Das Ergebnis von Jutta’s Fotoshooting im Fotoatelier Hohenkammer:
Nadia, 57, Altenpflegerin, 1 Sohn
NADIA ENTSCHLOSS SICH ZUM SHOOTING, DA SIE VOR EINEM JAHR EINEN NEUEN LEBENSABSCHNITT BEGONNEN HAT UND SICH DAMIT SELBST EIN GESCHENK MACHEN WOLLTE.

Hier mehr Infos über Nadia (57, Altenpflegerin, getrennt lebend):
Nadia hat ihre Wurzeln in Brasilien und hat die letzten Jahre auf Mallorca gelebt. Sie ist nun vor einem Jahr wieder nach Deutschland gekommen und lebt jetzt noch getrennt von ihrem Mann, von dem sie sich bald scheiden lässt. Auch wenn sie mit diesem viel reisen konnte und finanziell nicht schlecht stand, konnte sie diesem Leben nichts abgewinnen.
Nun befindet sie sich in der Ausbildung zur Altenpflegerin – ein Beruf, der ihr unglaublich viel Spaß macht und ihr große Erfüllung bringt. Trotzdem, sagt sie, ist die Ausbildung sehr kräftezehrend, da sie ja auch nicht mehr die Jüngste sei.
“Was ist für dich Schönheit?”
“Es ist schwierig, das Wort ‘Schönheit’ so zu definieren… es kann alles sein. Ich denke, das sind Sachen, mit denen man sich identifiziert. Die findet man schön. Das ist ein Teil von uns. Was ich schön finde, musst du aber vielleicht nicht schön finden. In letzter Zeit hatte ich eher Gefühle, die sehr schön waren. Das ist eine tolle Frage…da habe ich mir eigentlich noch gar keine Gedanken gemacht, was ich schön finde. Es gibt schöne Objekte, Häuser… schöne Gegenden. Schöne Menschen sind ja immer im Angesicht des Betrachters. Aber es ist halt so – einer findet das schön, ein anderer findet das schön. Wenn jemand größer als 1,80m ist, das finde ich bei Männern schön.”

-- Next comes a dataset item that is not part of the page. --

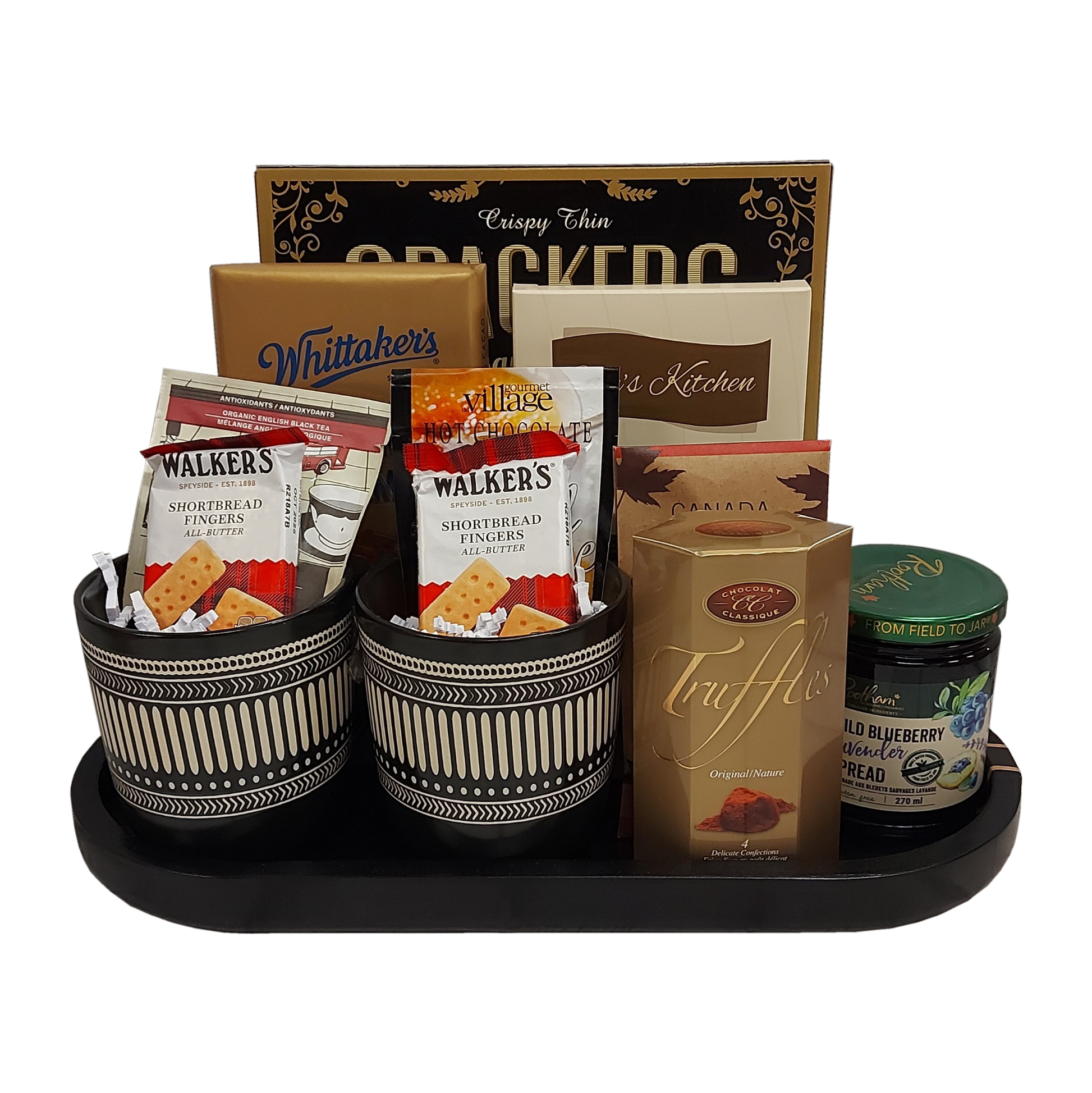 Enjoy this basket which includes two mugs, a delicious Roothams jam, chocolate fudge, hot chocolate, along with a variety of chocolates, and cookies displayed on a bamboo tray.

“Wir haben gerade schon darüber gesprochen, was du an dir selbst magst: deine Stärke und dass du es schaffst, immer wieder aufzustehen. Aber jetzt mal zum Äußeren – was magst du an deinem Äußeren besonders gern und was vielleicht auch nicht?”
“Mein Körper hat sich in den letzten drei Jahren sehr viel verändert. Meine Figur hat mir eigentlich nie gefallen – vom Gewicht her habe ich mir immer fünf Kilo weniger gewünscht, so wie wahrscheinlich jede Frau. Wir sind nie zufrieden mit uns… Im Grunde genommen ist es eine Dummheit, was wir mit uns selbst machen… Aber ich merke jetzt im Moment, wo ich zugelegt habe, das ist woanders. Das hat mit dem Alter und Hormonen zu tun. Und manchmal fühle ich mich dann nicht in meiner Haut.
In der Pflege ist es aber auch wirklich schwierig, weil wir so viele Süßigkeiten überall haben. Wir kriegen viel zu viel geschenkt von den Leuten – die beschenken uns mit Geld und Schokolade! Und das wird einfach nicht mehr so verarbeitet wie früher. Aber wirklich toll finde ich an mir nichts.”
“Gibt es etwas, was du heute an dir magst, womit du vor 20 oder 30 Jahren gehadert hast?”
“Nein, nein… ich glaube, ich bin immer die gleiche geblieben. Runter gefallen, wieder aufgestanden. Das ist mir öfter passiert. Aber ich war immer die gleiche. Der Kern ist immer da gewesen – und geblieben.”